Much to the chagrin of Naval Constructor George Claghorn, USS Constitution‘s first presidential visit came during the first launch attempt on September 20, 1797. President John Adams witnessed the attempt, during which the ship skidded a mere 27 feet and failed to launch.

James Madison

In 1811, President James Madison visited Constitution in Annapolis, Maryland, while Captain Isaac Hull was busy preparing the ship and its crew for foreign service. Madison declared war against Great Britain the following year on June 18, 1812.

Martin Van Buren

On June 24, 1833, Vice President (and future president) Martin Van Buren was in attendance when Constitution entered Dry Dock 1 in the Charlestown Navy Yard for repairs. President Andrew Jackson was also in Boston, but was too unwell to attend the event.

Ulysses S. Grant

Following the end of the American Civil War, President Ulysses S. Grant visited Constitution in September 1869. “Old Ironsides” was functioning as school ship for the U.S. Naval Academy in Annapolis, Maryland.

Rutherford B. Hayes

President Rutherford B. Hayes and his cabinet visited the ship on November 11, 1880 while she was at the Philadelphia Navy Yard for overhaul. At the time, Constitution was one of four ships assigned to the Apprentice Training Squadron.

Calvin Coolidge

President Calvin Coolidge, accompanied by First Lady Grace Anna Goodhue Coolidge and Secretary of Commerce Herbert Hoover, sailed into Boston Harbor from Marblehead, Massachusetts, aboard the presidential yacht Mayflower to visit Constitution on August 8, 1925. Congress had authorized a major restoration for the ship in March 1925.

President Calvin Coolidge and Secretary of the Navy Wilbur hold a mounted lithograph of Gordan Grant's painting of USS Constitution, 1920s. [USS Constitution Museum Collection.]
In this later photograph, President Calvin Coolidge (left) and Secretary of the Navy Curtis D. Wilbur hold a lithograph of Gordan Grant’s painting of USS Constitution. [USS Constitution Museum Collection]

Herbert Hoover

During Constitution‘s three-coast National Cruise, following the extensive 1927-1931 restoration, Herbert Hoover visited the ship again, this time as president. He, along with First Lady Lou Henry Hoover and Secretary of the Navy Charles Francis Adams, toured the ship on Armistice Day, November 11, 1931, while “Old Ironsides” was docked at the Washington Navy Yard. Hoover visited a third time in 1932.

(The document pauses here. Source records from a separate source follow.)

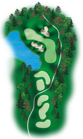 A well placed drive, along the right side of the fairway, gives you the best angle of approach and lets you avoid the tall fescue waste areas on the left. Be conservative on your second shot: the target is small and there is an additional Lateral Hazard area behind the green. Again, you have to be strategic. It’s not a long second shot, but you need to be in the fairway to make it your best.
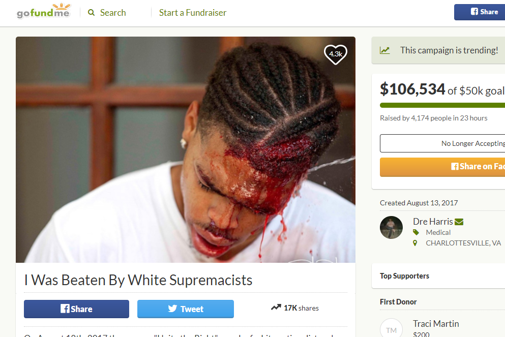 Remember DeAndre Harris? He’s the nigger at the Unite the Right rally in Charlottesville who attacked a White man named Harold Crews with a flashlight. After the attack, he got the shit beat out of him by a group of nationalists. Even though this nigger deserved to get lynched for what he did, the Jew-run media made him out to be a poor innocent victim of White supremacists. This enabled him to raise well over $100,000 via a GoFundMe page that he used to buy a fancy car and record rap songs.
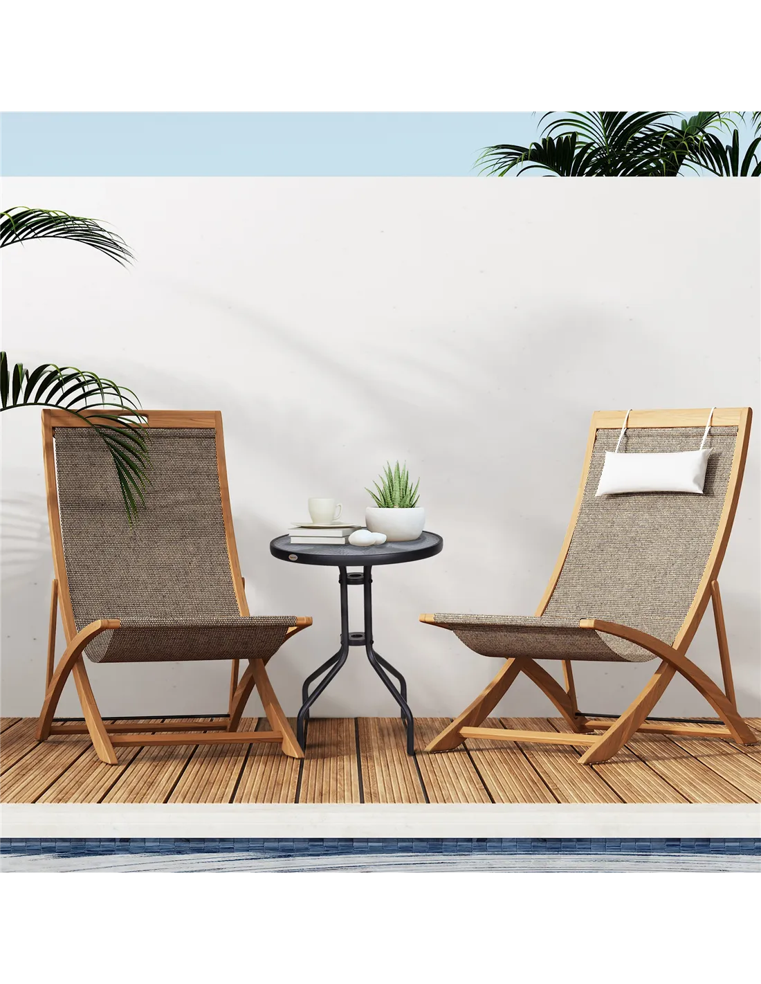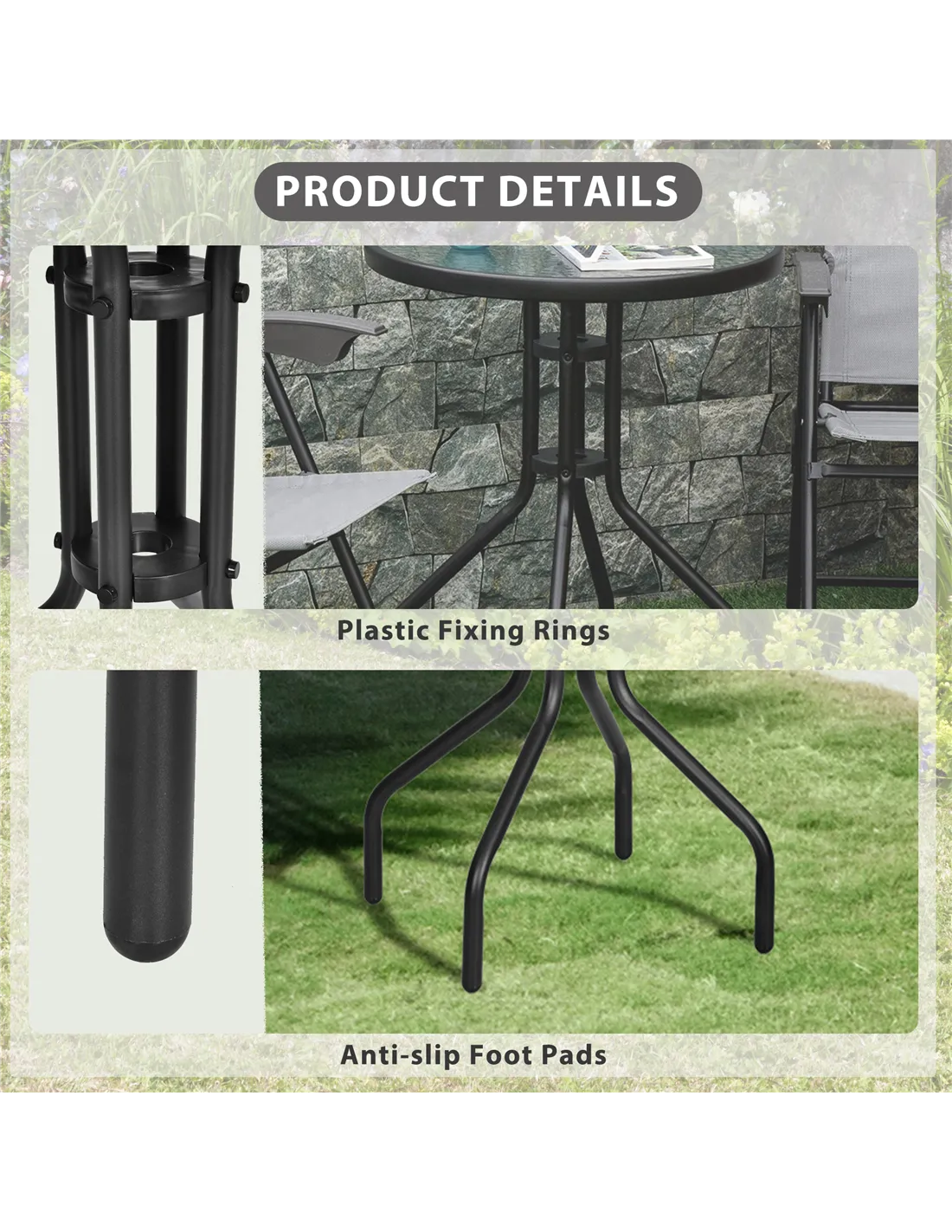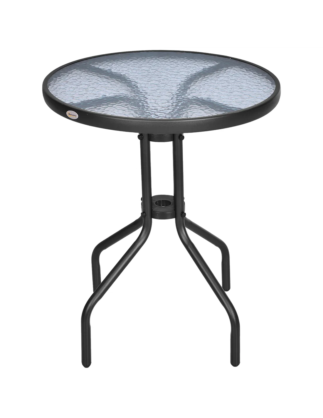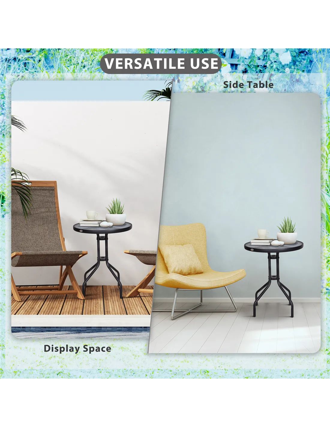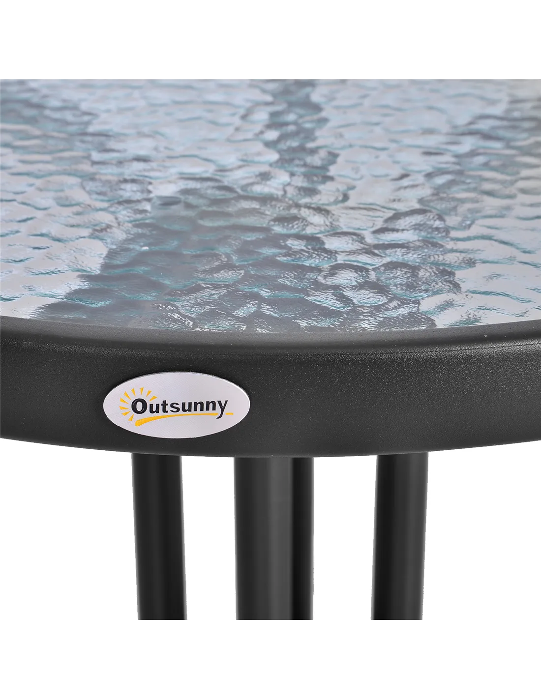 Outsunny Bistro Coffee Table Outdoor Tempered Glass Top Table Garden Round Dining Table - 60cm Diameter
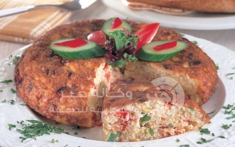 تغطى المقلاة وتطهى الأومليت فوق نار متوسطة لمدة دقيقتين أو ثلاث دقائق، ثم تخفف النار لمدة 01 الى 51 دقيقة إلى أن تنضج الأومليت وتظهر قشرة وردية ذهبية عليها.
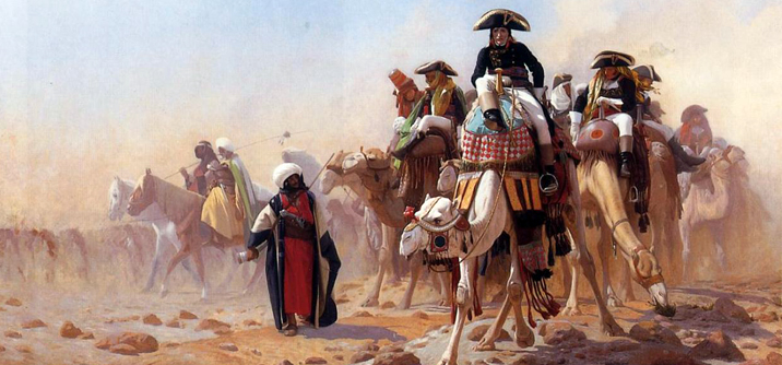 IL TRATTATO DI CAMPOFORMIDO, COSTITUI’ IL PRIMO SEGNALE CHE FECE TRASPARIRE LE ASPIRAZIONI DEL BONAPARTE. IL RUOLO DI GENERALE, ( SOPRATTUTTO DOPO LA SERIE DI VITTORIE OTTENUTE NELLA PRIMA CAMPAGNA D’ ITALIA), STAVA STRETTO A NAPOLEONE. DOPO QUESTI TRIONFI CONTRO L’ IMPERO ASBURGICO IL DIRETTORIO DOVETTE PROGRAMMARE UNA SECONDA CAMPAGNA MILITARE PER DOMINARE IL COMMERCIO MARITTIMO DOVE L’INGHILTERRA COSTITUIVA UN GROSSO OSTACOLO. L’OBIETTIVO ERA LA CONQUISTA DEL CANALE DI SUEZ CHE APRIVA IL COMMERCIO VERSO LE L’INDIA. NAPOLEONE CONSEGUI’ IMPORTANTI VITTORIE, CONQUISTO’ MALTA E, IL PRIMO LUGLIO 1798, VINSE LA BATTAGLIA DELLE PIRAMIDI CONTRO L’ESERCITO DEI MAMMELUCCHI, UNA CASTA MILITARE CHE GOVERNAVA L’EGITTO PER CONTO DELLO STATO TURCO.
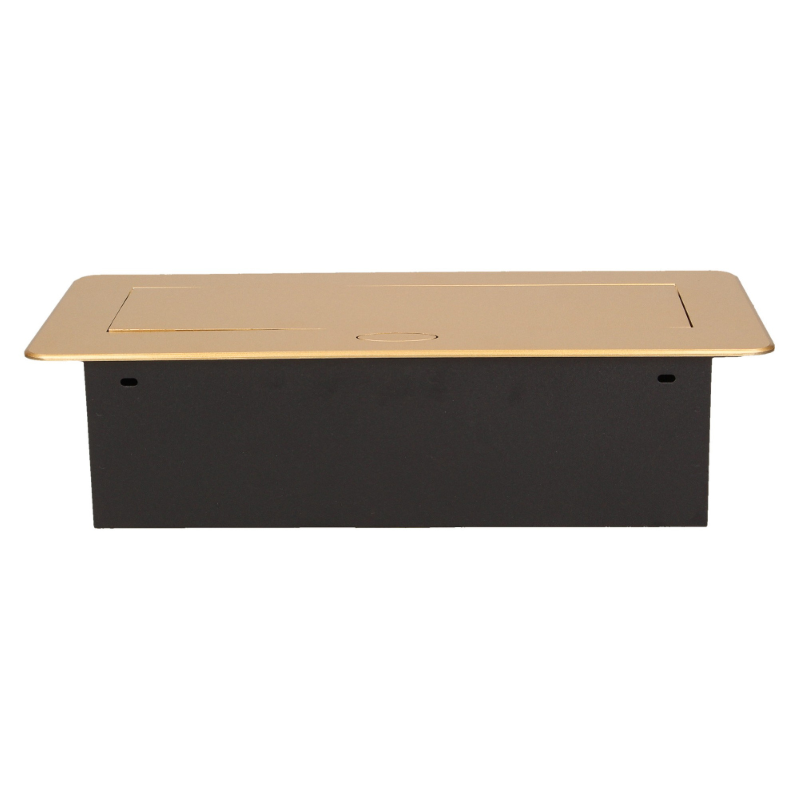 Zestaw trzech gniazd sieciowych z uziemieniem i przesłonami torów prądowych w obudowie chowanej w blat. Urządzenie przeznaczone jest do montażu w biurkach, blatach i stołach, może być zamontowane zarówno w pozycji pionowej jak i poziomej, zapewniając dostęp do gniazd elektrycznych. Posiada zamykany panel z gniazdami sieciowymi oraz przewód o długości 1,5 m. Dostępne kolory: czarny, srebrny, złoty, mosiądz, grafit.
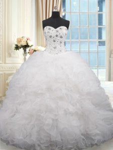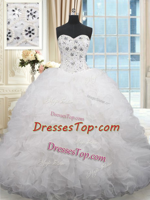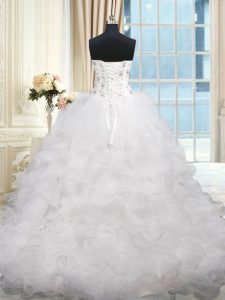 Excellent Sleeveless Brush Train Lace Up Beading and Ruffles Quinceanera Gowns
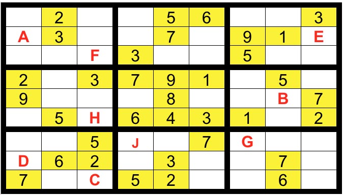 elke verticale kolom en in elk van de negen blokjes de cijfers 1 tot en met 9 één keer voorkomen. In een aantal vakjes zijn de cijfers al ingevuld.
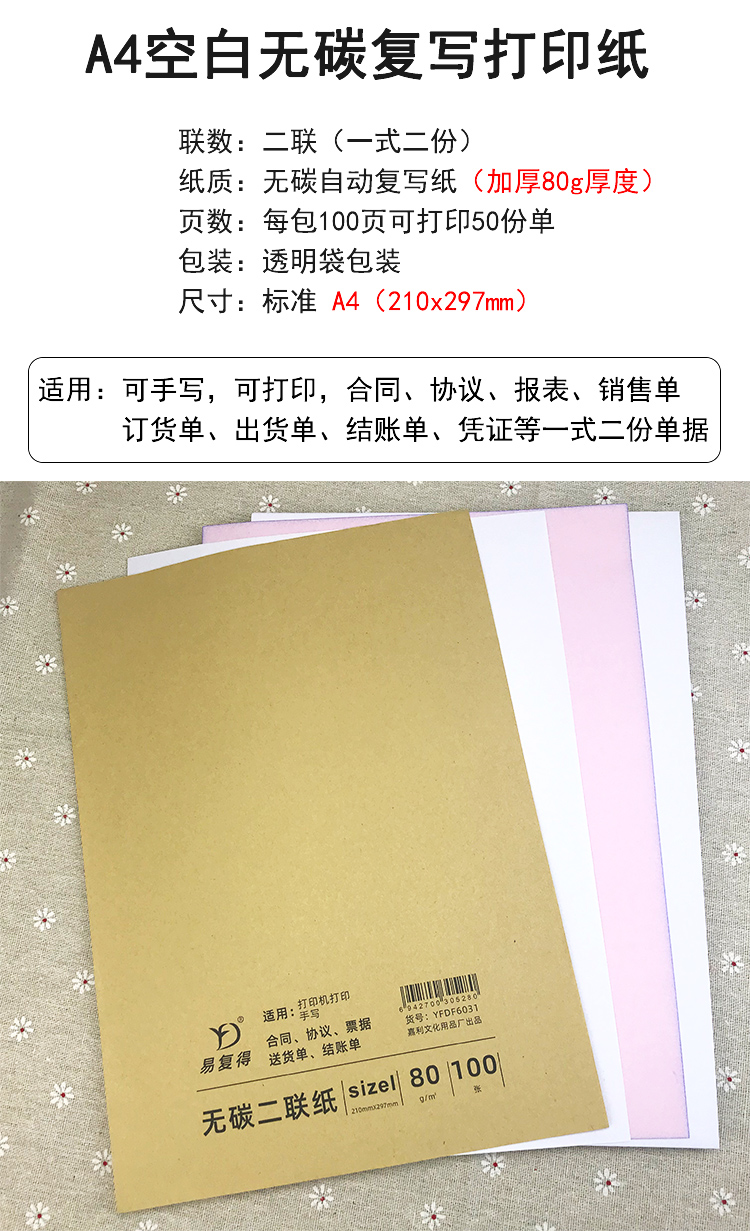 易復(fù)得紙品(YFD)兩聯(lián)無碳復(fù)寫紙A4/1包
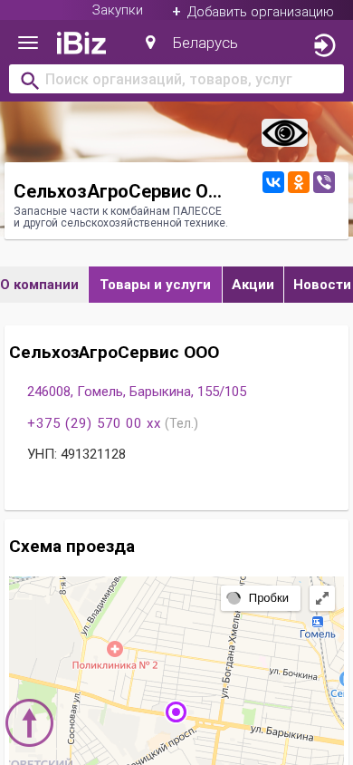 Название / Заголовок | СельхозАгроСервис ООО - Запасные части к комбайнам ПАЛЕССЕ и другой сельскохозяйственной технике.. 246008, Гомель, , Барыкина, 155/105 |
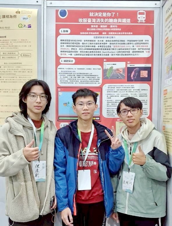 嘉大學生在數位人文跨域應用上亦表現不凡,展現嘉大在人才培育上的豐厚成果。數位系葉仲恩、陳逸軒、連祥均同學在課程引導下,以創意標題「就決定是你了!收服臺灣消失的糖廠與鐵道」榮獲凌霄獎銀獎,該研究巧妙運用GIS專業技術與AI工具,系統性梳理臺灣糖業鐵路變遷並建立互動地圖,將生硬史料轉化為具吸引力的圖鑑探索,為文史保存提供創新的數位敘事模式。數位系葉仲恩、朱書靚、湯又儒同學在數位人文專題實作中積極投入與創新思維,獲選為2025年優秀青年學者。
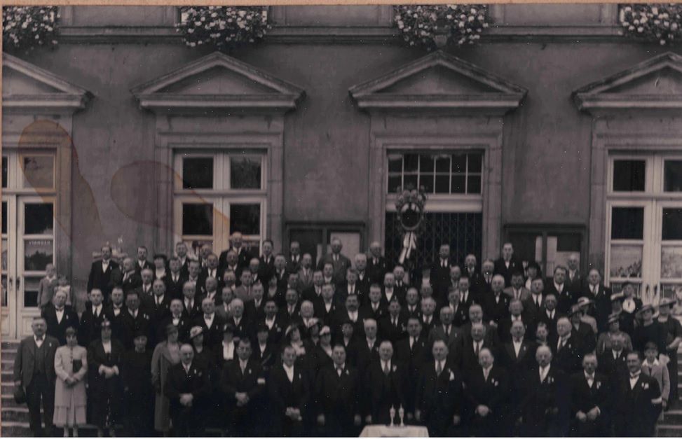 Fotografie der Zunft der Bäckermeister 1935 vor dem Rathaus der Stadt Luxemburg (22 x 28 cm), wasserfleckig + Société des Sciences Médicales in Mondorf-Les-Bains 1959 vom Studio FEY Frères
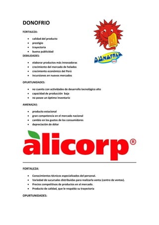 El documento describe las fortalezas, oportunidades, debilidades y amenazas de Gloria. Las principales fortalezas incluyen su posición de liderazgo en el mercado de leche, diversificación geográfica, capacidad de innovación y apoyo a la ganadería lechera. Las principales oportunidades son la diversificación de ventas, aumento del consumo de productos lácteos y acceso a nuevos mercados. Las debilidades clave son la falta de poder de negociación de los productores y problemas en el manejo del ganado lechero. Las
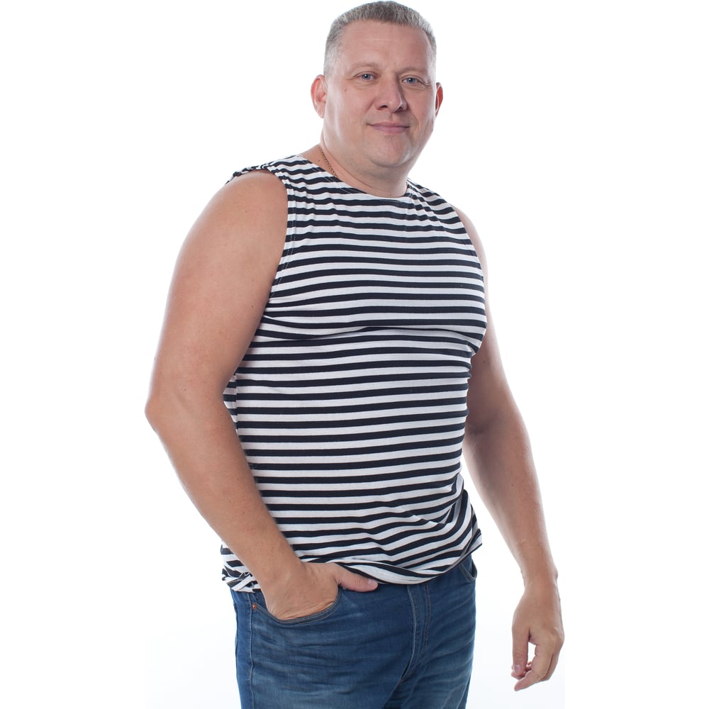 Армейская тельняшка без рукавов, 100% хлопок БЕРТА (черная полоса) 703ч-48-50
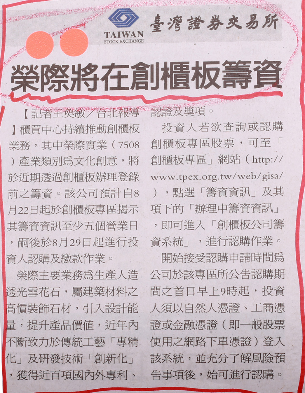 【記者王奐敏/苔北報導】櫃買中心持續推動創櫃板業務,其中榮際實業(7508)產業類別爲文化創意,將於近期透過創櫃板辦理登錄前之籌資。該公司預計自8月22日起於創櫃板專區揭示其籌資資訊至少五個營業日,嗣後於8月29日起進行投資人認購及繳款作業。
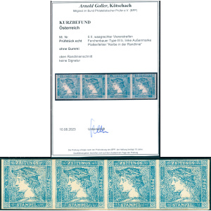 • 1851 Ausztria kék merkúr használatlan négyescsík “Kerbe in der Randlinie” lemezhibával – Attest Goller
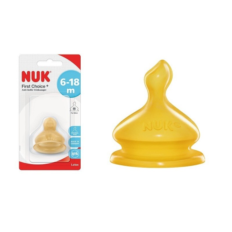 NUK TETTARELLA FIRST CHOICE+ Lattice Descrizione Tettarella First Choice+ in lattice, sagomata sulla forma del capezzolo materno per garantire un'esperienza di allattamento più naturale possibile. Ultra morbida per adattarsi alla bocca del bambino. Dotata dell'innovativa valcola Anti-Colic per evitare l'ingerimento involontario di aria da parte del bambino durante l'allattamento. Formato 6-18 mesi Misura M (foro medio = per il latte in polvere) Cod. 10713238
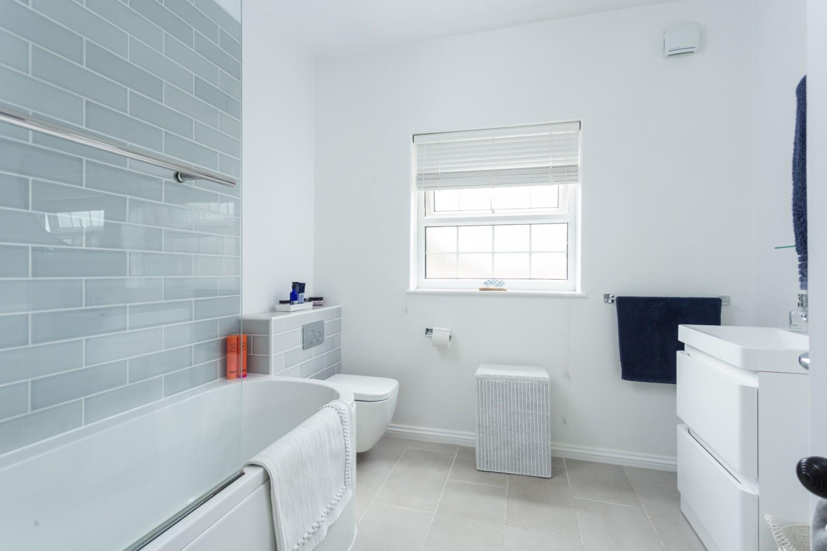 The house bathroom is contemporary in design and comprises a three-piece suite including bathtub with waterfall shower over, WC, vanity hand wash basin and heated towel rail.

U.S. Navy Photo via The Captain's Clerk (
President Herbert Hoover (center) and First Lady Lou Henry Hoover visit USS Constitution in Washington, D.C. on Armistice Day, 1931. The man at left with his back to the camera is Secretary of the Navy Charles Francis Adams. [U.S. Navy Photo via The Captain’s Clerk]

Franklin D. Roosevelt

President Franklin D. Roosevelt, a former assistant secretary of the navy, toured USS Constitution during his first visit to the Boston Navy Yard on August 10, 1940. Later that month, on August 24, 1940, the president requested that both Constitution and USS Constellation be recommissioned as symbolic flagships for the Atlantic and Pacific fleets.

Ronald Reagan

Ronald Reagan toured the Charlestown Navy Yard and Constitution while campaigning for the United States presidency on August 20, 1980. As president, he presented the World Ship Trust Maritime Heritage Award to USS Constitution in 1987.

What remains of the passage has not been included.